Worked Example 4: SVD-based pseudoinverse for rank-deficient systems#

Introduction#

Solve rank-deficient least squares via SVD pseudoinverse; compare to underdetermined system.

Purpose#

Show how SVD handles rank deficiency gracefully (vs. normal equations failing).

Importance#

Essential for underdetermined and ill-posed problems; enables robust solutions.

What this example demonstrates#

Construct rank-deficient $X$ (more columns than linearly independent rows).
Compute pseudoinverse $X^\dagger = V \Sigma^{-1} U^\top$ via SVD.
Find minimum-norm solution $w^* = X^\dagger y$.
Verify that solution has smallest $\lVert w \rVert$ among all least-squares solutions.

Background#

Moore–Penrose pseudoinverse extends inverse to non-square/rank-deficient matrices.

Historical context#

Formalized early 1900s; SVD computation enabled practical implementation (Golub 1960s).

History#

Standard in scientific computing and ML libraries for robust least squares.

Prevalence in ML#

Used in feature selection (removing redundant features) and underdetermined systems.

Notes#

Minimum-norm solution is unique; smallest in $\ell_2$ norm among all minimizers.
Handle tiny singular values carefully (threshold or regularize).

Connection to ML#

Supports feature selection and handles collinear features.

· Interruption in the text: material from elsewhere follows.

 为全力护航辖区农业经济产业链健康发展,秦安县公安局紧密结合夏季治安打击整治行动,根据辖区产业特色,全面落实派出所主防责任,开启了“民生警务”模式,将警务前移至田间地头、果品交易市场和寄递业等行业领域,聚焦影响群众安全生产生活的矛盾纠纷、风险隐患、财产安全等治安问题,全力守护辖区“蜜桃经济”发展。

Connection to Linear Algebra Theory#

Pseudoinverse via SVD; minimum norm property from projection theory.

Pedagogical Significance#

Extends inversion to singular/rectangular matrices.

References#

Golub & Pereyra (1973). The differentiation of pseudo-inverses and nonlinear least squares problems.
Ben-Israel & Greville (2003). Generalized Inverses: Theory and Applications.

Solution (Python)#

import numpy as np

np.random.seed(3)
n, d = 50, 30
# Rank deficient: only 20 independent columns
X = np.random.randn(n, 20) @ np.random.randn(20, d)
w_true = np.random.randn(d)
w_true[25:] = 0  # sparse ground truth
y = X @ w_true + 0.01 * np.random.randn(n)

# SVD-based pseudoinverse
U, s, Vt = np.linalg.svd(X, full_matrices=False)
r = np.sum(s > 1e-10)
w_pinv = Vt[:r].T @ (np.linalg.solve(np.diag(s[:r]), U[:, :r].T @ y))

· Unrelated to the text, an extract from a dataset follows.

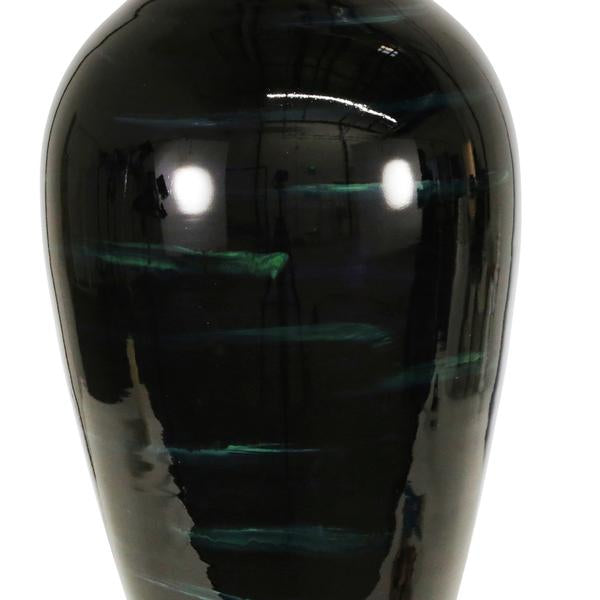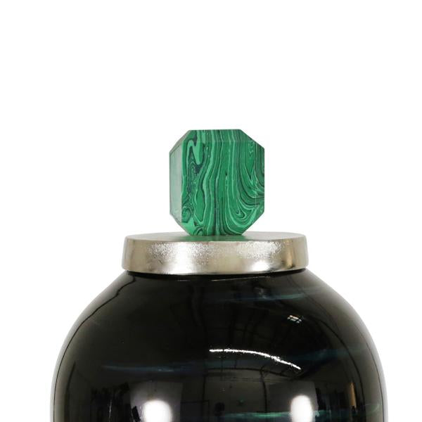 Benzara Contemporary Metal Elongated Urn Shaped Jar with Lid, Black and Green

# Extend to full dimension
w_pinv_full = np.zeros(d)
w_pinv_full[:len(w_pinv)] = w_pinv if len(w_pinv) == d else np.concatenate([w_pinv, np.zeros(d - len(w_pinv))])

print("rank of X:", r)
print("residual:", round(np.linalg.norm(X @ w_pinv_full - y), 6))
print("norm(w):", round(np.linalg.norm(w_pinv_full), 4))

Worked Example 5: Truncated SVD for ill-posed inverse problems#

Introduction#

Solve an ill-posed inverse problem; apply truncated SVD regularization to stabilize solution.

Purpose#

Demonstrate spectral filtering and its effect on noise amplification.

Importance#

Core technique in inverse problems (imaging, geophysics); teaches when to truncate spectrum.

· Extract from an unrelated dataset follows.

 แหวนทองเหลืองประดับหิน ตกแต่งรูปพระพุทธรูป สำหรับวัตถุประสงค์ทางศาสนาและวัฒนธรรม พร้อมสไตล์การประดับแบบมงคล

What this example demonstrates#

Construct ill-posed system with decaying singular values.
Solve with pseudoinverse (amplifies noise) vs. truncated SVD (filters noise).
Compare noise-free and noisy solutions; show improved robustness of truncation.

Background#

Ill-posed problems have tiny singular values; pseudoinverse amplifies noise. Truncation discards these.

Historical context#

Hansen (1998) and Vogel (2002) developed regularization tools for inverse problems.

History#

Standard in medical imaging (deblurring CT/MRI) and geophysical inversion.

Prevalence in ML#

Used in deblurring, denoising, and parameter estimation in inverse problems.

Notes#

Choose truncation point via L-curve, GCV, or discrepancy principle.
Trade-off: lower truncation $\to$ more smoothing, less noise, but more bias.

Connection to ML#

Improves robustness of learned models in presence of noise and measurement error.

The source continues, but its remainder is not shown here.